Problem description: Exactly as written, copy every line from the one containing "Fortemente ispirato nella" through the end of the records, with the pictures left out.

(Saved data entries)
━━━━━━━━━━

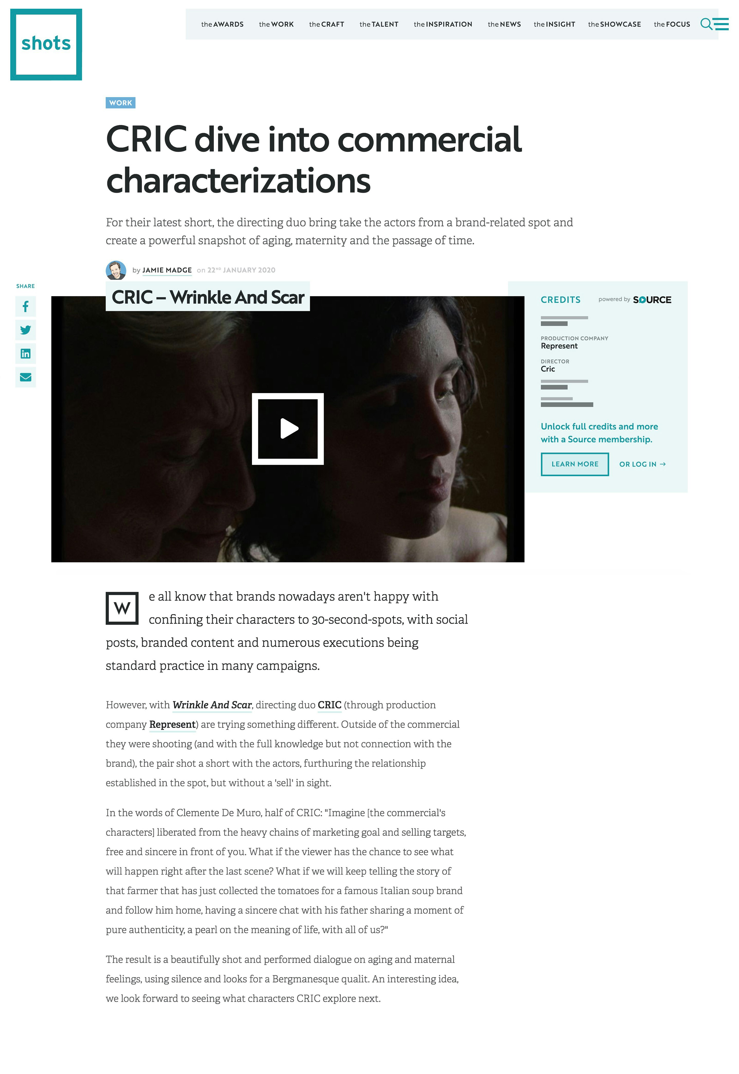 However, with Wrinkle And Scar, directing duo CRIC (through production company Represent) are trying something different. Outside of the commercial they were shooting (and with the full knowledge but not connection with the brand), the pair shot a short with the actors, furthuring the relationship established in the spot, but without a 'sell' in sight.
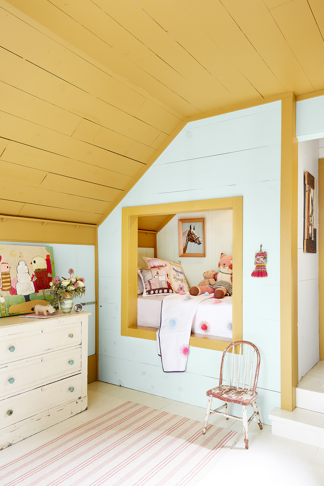 Ngược lại, trong phòng của cô con gái điệu đà, màu sắc tươi sáng, mộng mơ hơn được tận dụng tối đa dành cho những em bé còn tuổi chơi búp bê.
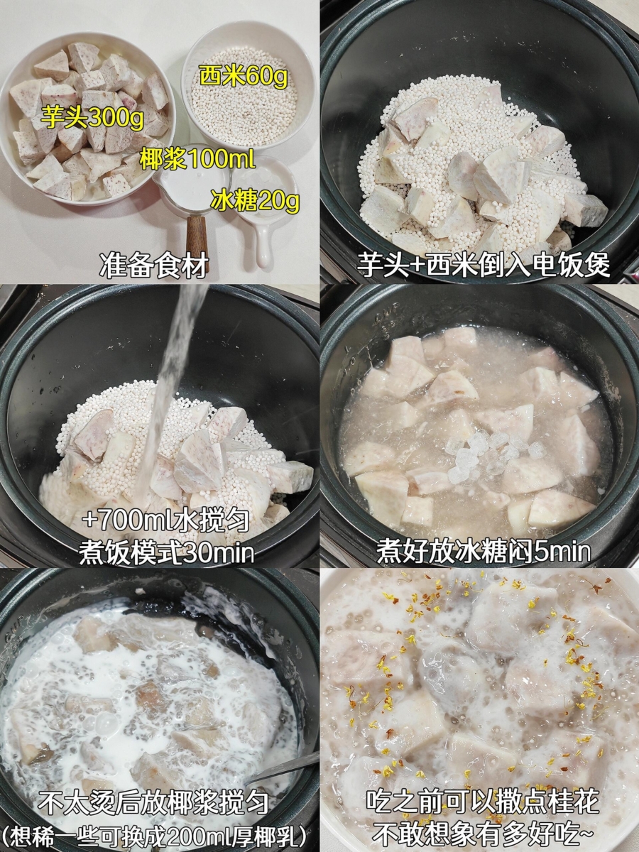 把芋头、西米、水放入电饭煲煮分钟,放入冰糖再焖分钟。放凉后倒入椰浆搅匀(想更浓郁可以换厚椰乳),冷藏一下更好喝!
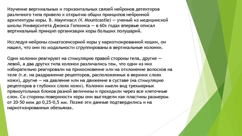 архитектуры коры. В. Маунткасл (V. Mountcastle) — ученый из медицинской
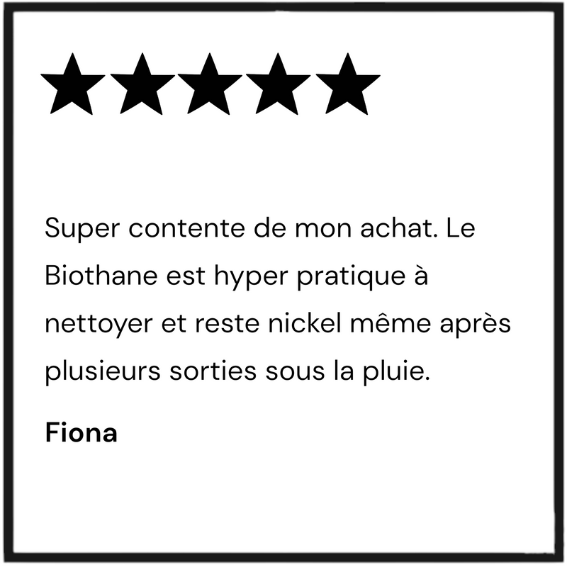 Le Biothane est une sangle en PVC ultra résistante, facile à nettoyer et hypo-allergenique.
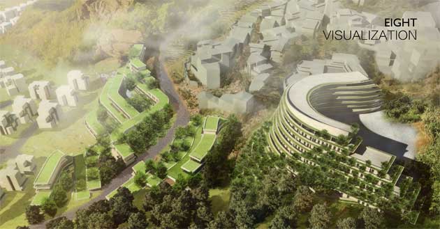 Fortemente ispirato nella tecnologia al Bosco Verticale di Milano e nel design alla topografia e al paesaggio del luogo l’edificio, situato all’interno di un masterplan di sviluppo turistico di 400 ettari, avrà un’impronta al suolo di 7.784 mq, una slp di 31.200 mq e 250 camere distribuite su 16 piani.
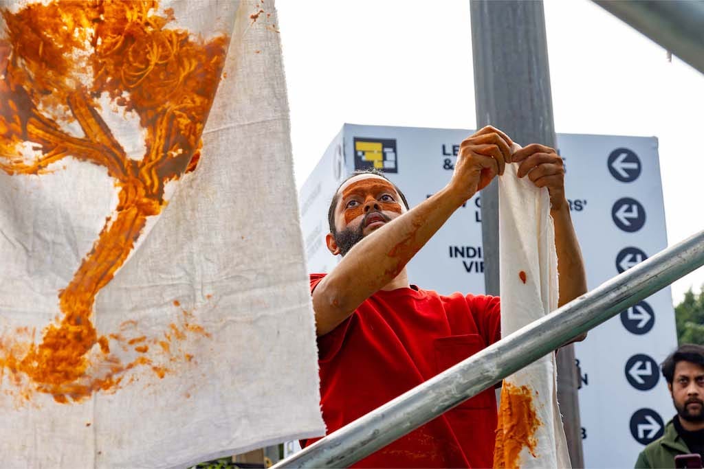 Still from performance by Jyothidas K.V. at India Art Fair; Visitors at Students' Biennale X IAF Artist-in-Residence M. Thamshangpha booth and Inclusion Lab at India Art Fair | Courtesy: India Art Fair
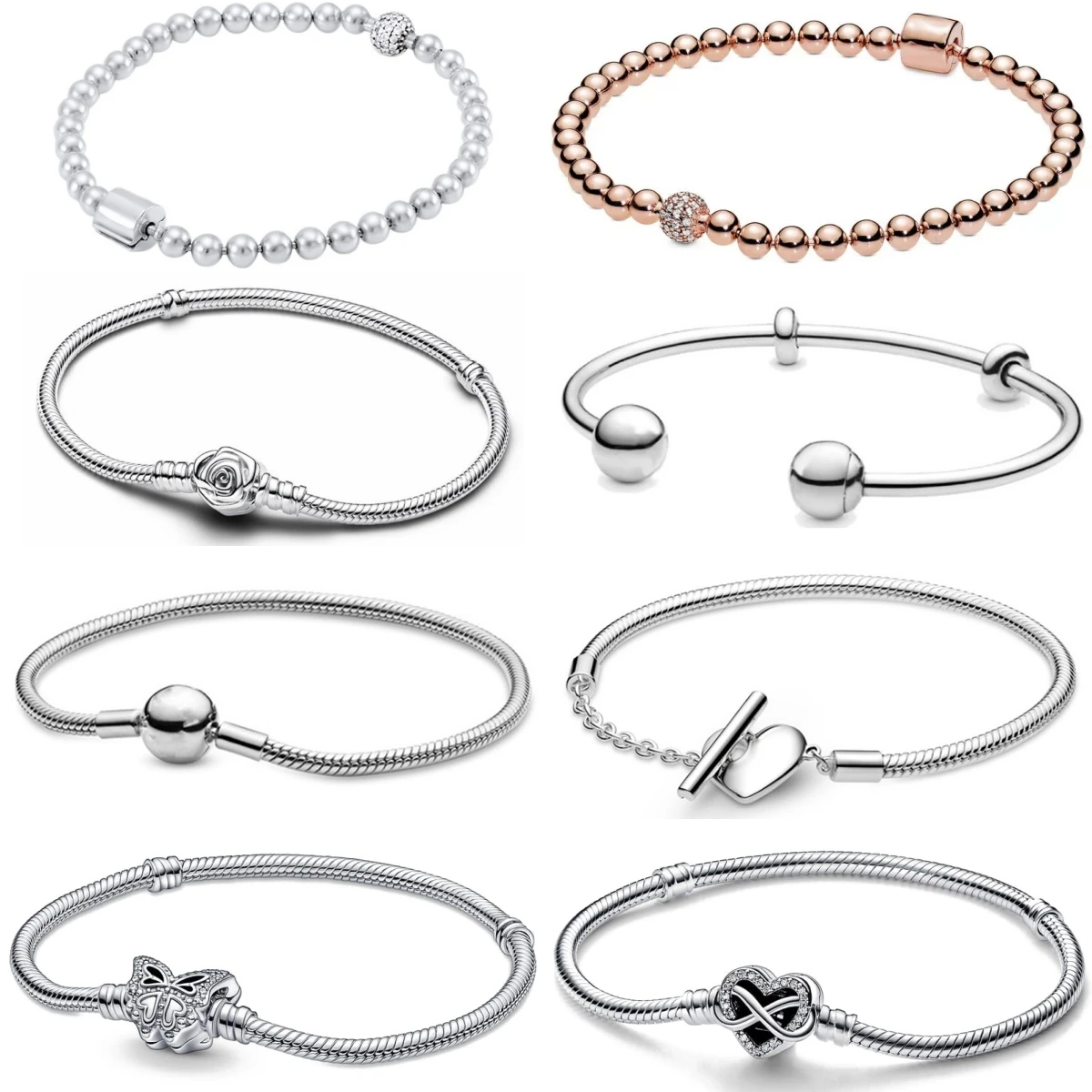 Bracelet à breloques en argent Sterling 925 pour femmes, breloque papillon Rose perle, mode originale, bijoux à bricoler soi-même, accessoires cadeau

━━━━━━━━━━

Response to this exercise:
 Fortemente ispirato nella tecnologia al Bosco Verticale di Milano e nel design alla topografia e al paesaggio del luogo l’edificio, situato all’interno di un masterplan di sviluppo turistico di 400 ettari, avrà un’impronta al suolo di 7.784 mq, una slp di 31.200 mq e 250 camere distribuite su 16 piani.
 Still from performance by Jyothidas K.V. at India Art Fair; Visitors at Students' Biennale X IAF Artist-in-Residence M. Thamshangpha booth and Inclusion Lab at India Art Fair | Courtesy: India Art Fair
 Bracelet à breloques en argent Sterling 925 pour femmes, breloque papillon Rose perle, mode originale, bijoux à bricoler soi-même, accessoires cadeau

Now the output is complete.